::: PROVIDED DATA
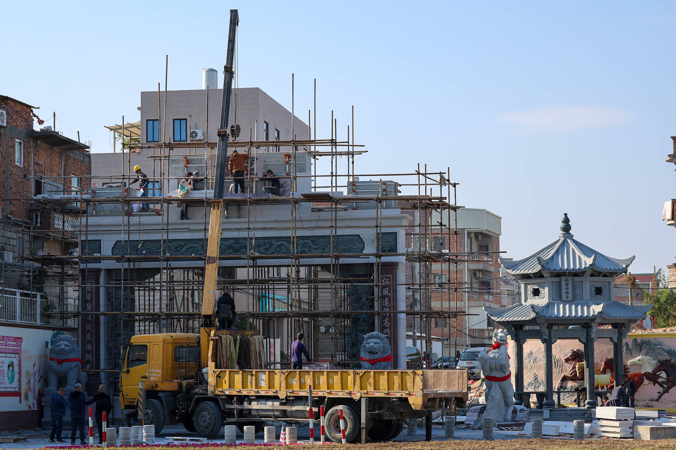 随着马年春节脚步临近,蚶江镇洪窟村龙珠大道与濠江北路交汇处焕然一新。2月13日下午,施工人员加紧对洪窟村口牌坊“洪窟”大字进行吊装作业,村牌坊及景观工程即将全面完工,以“骏马奔腾”为主题的地标群落惊艳亮相,成为海内外乡亲献给家乡的新春贺礼。
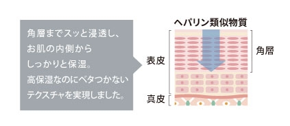 有効成分「ヘパリン類似物質」と「グリチルリチン酸ジカリウム」を配合。有効成分の「ヘパリン類似物質」が肌を整え、潤いを保ちます。さらに「グリチルリチン酸ジカリウム」配合で肌荒れやニキビを防ぐので、マスク荒れやマスクネ対策にもおすすめです。
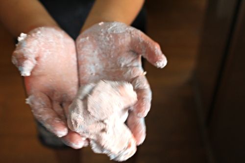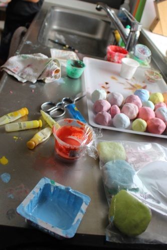 時間が少し余ったので、フィンガーペイントで残った絵の具を使ってカラー粘土を作ったりプラバン制作をしたりして遊びました。
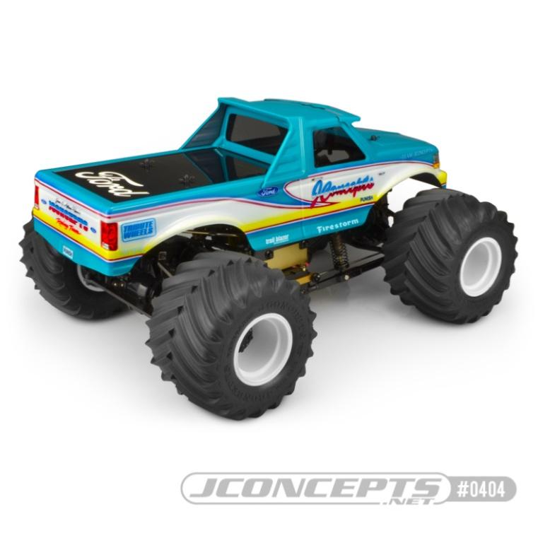 Au milieu des années 1990, la compétition de monster trucks grandeur nature était à son apogée. Jamais autant d'écuries sponsorisées par l'usine n'avaient concouru pour les championnats tant convoités. Les carrosseries Ford ont toujours été couronnées de succès, mais jamais un style n'avait été aussi dominant. La carrosserie du FordF-250 de 1993 était la référence et le summum en termes d'esthétique, de popularité et de performances à cette époque faste des courses de monster trucks. Jamais ce style n'avait été disponible pour les courses de monster trucks à l'échelle 1/10,jusqu'à ce que JConcepts s'y intéresse.
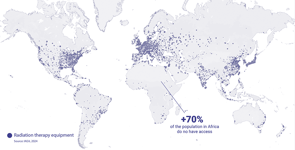 Over 70% of the population in Africa does not have access to radiotherapy. This is largely because of the enormous lack of radiation medicine equipment and specialists trained in radiotherapy in the region.
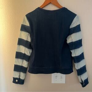 Moma Cropped Striped Jean Jacket Round Neck Women's Size Medium
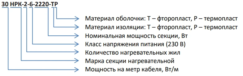 Секция 30 НРК 2-6-480-ТР состоит из двухжильного нагревательного кабеля постоянного сопротивления (резистивного типа) определенной фиксированной длины, с одной стороны которого установлена концевая муфта, а с другой — соединительная муфта, с помощью которой нагревательный кабель соединяется с кабелем питания длиной 4 метра. Внутренняя изоляция из фторопласта обеспечивает высокую стойкость к высоким температурам, агрессивным средам, а также защищает кабель от перегрева, продлевая срок его эксплуатации. Армирующая нить придает кабелю дополнительную механическую прочность, защищая его от возможных повреждений при укладке. А усиленная оболочка с повышенной термостойкостью защищает кабель от воздействия УФ-лучей и внешних механических воздействий, гарантируя его долговечность. Срок службы секции НРК-ТР составляет не менее 25 лет.
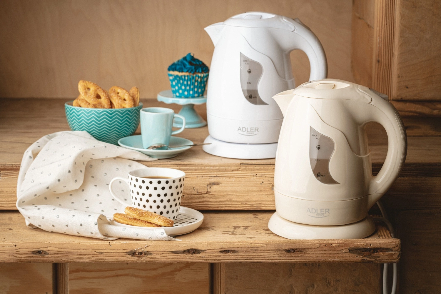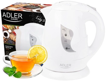 Czajnik Adler Plastikowy 1L, Lekki i Stylowy, Biały ADL-PLK-01
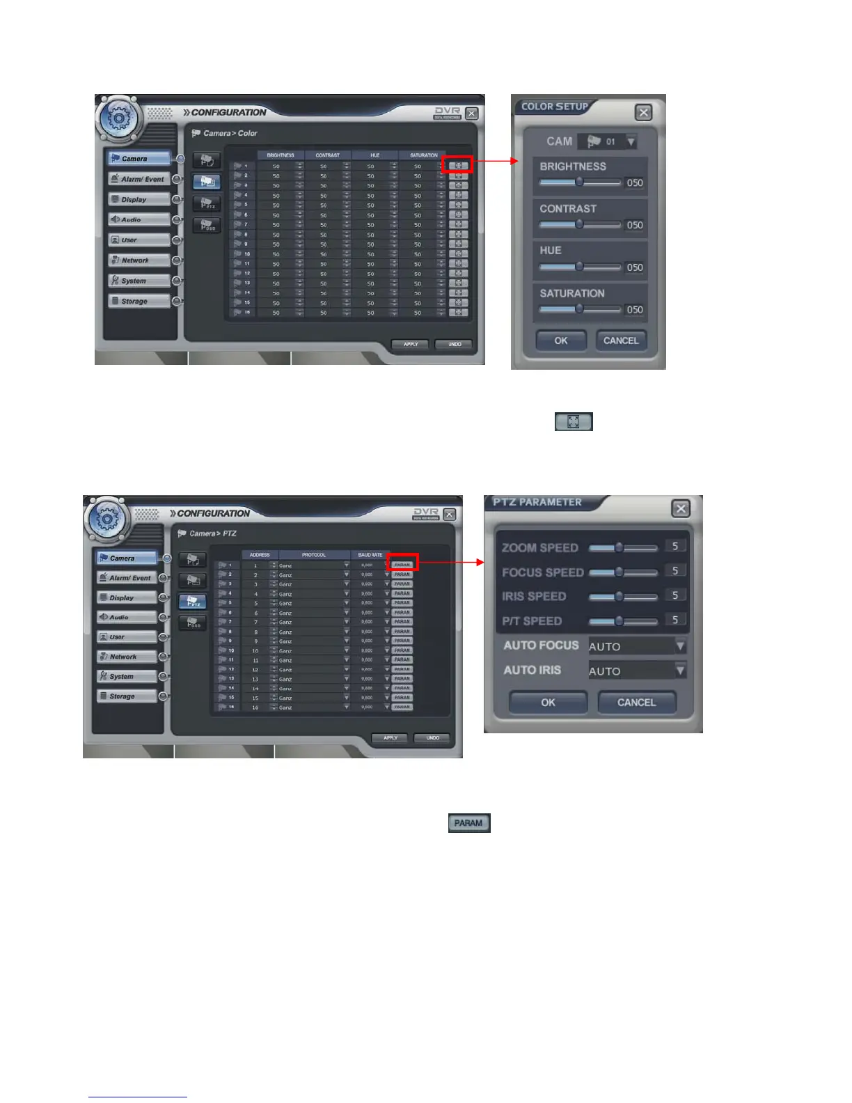 Camera color setup: Select the Brightness, Contrast, Tint and Color.
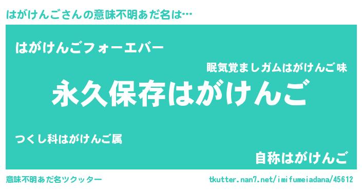 | 男性向けラノベタイトル風あだ名 | 『はがけんごという概念が存在しない退屈な世界 』 |
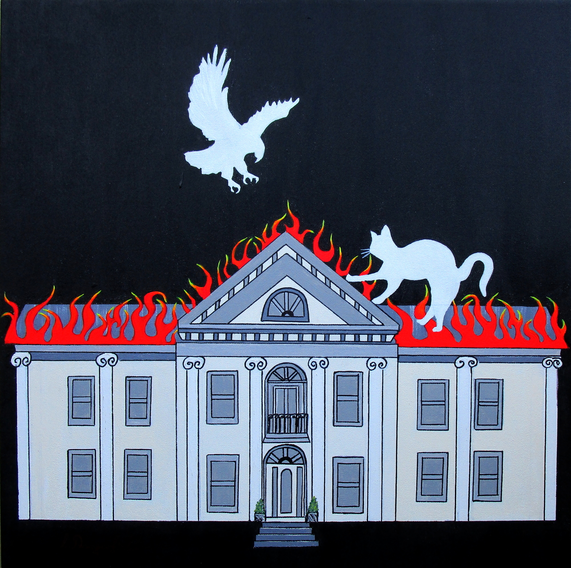 Movie Title – Cat On A Hot Tin Roof by Lisa Dangerfield – This is another painting in my “Movie Title” inspired series. This body of work includes my quirky depictions of movie titles. I’ve been working and developing this idea for quite a while and have successfully converted my ideas to images on canvas.
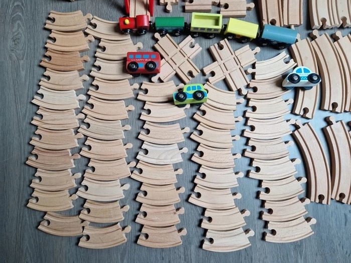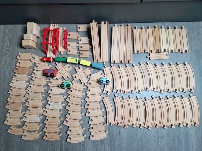 Gros lot pour circuit en bois. 108 pièces! -1 locomotive, - 4 wagons -3 voitures, - 4 blocs - 96 rails. En très bon état!
::::::
● **ASSIGNED TASK**: Nothing but the lines from the one holding "Czajnik Adler Plastikowy" through the final line of the records above belongs in the answer, each retyped exactly; omit the pictures.

● **EXPECTED ANSWER**:
 Czajnik Adler Plastikowy 1L, Lekki i Stylowy, Biały ADL-PLK-01
 Camera color setup: Select the Brightness, Contrast, Tint and Color.
 | 男性向けラノベタイトル風あだ名 | 『はがけんごという概念が存在しない退屈な世界 』 |
 Movie Title – Cat On A Hot Tin Roof by Lisa Dangerfield – This is another painting in my “Movie Title” inspired series. This body of work includes my quirky depictions of movie titles. I’ve been working and developing this idea for quite a while and have successfully converted my ideas to images on canvas.
 Gros lot pour circuit en bois. 108 pièces! -1 locomotive, - 4 wagons -3 voitures, - 4 blocs - 96 rails. En très bon état!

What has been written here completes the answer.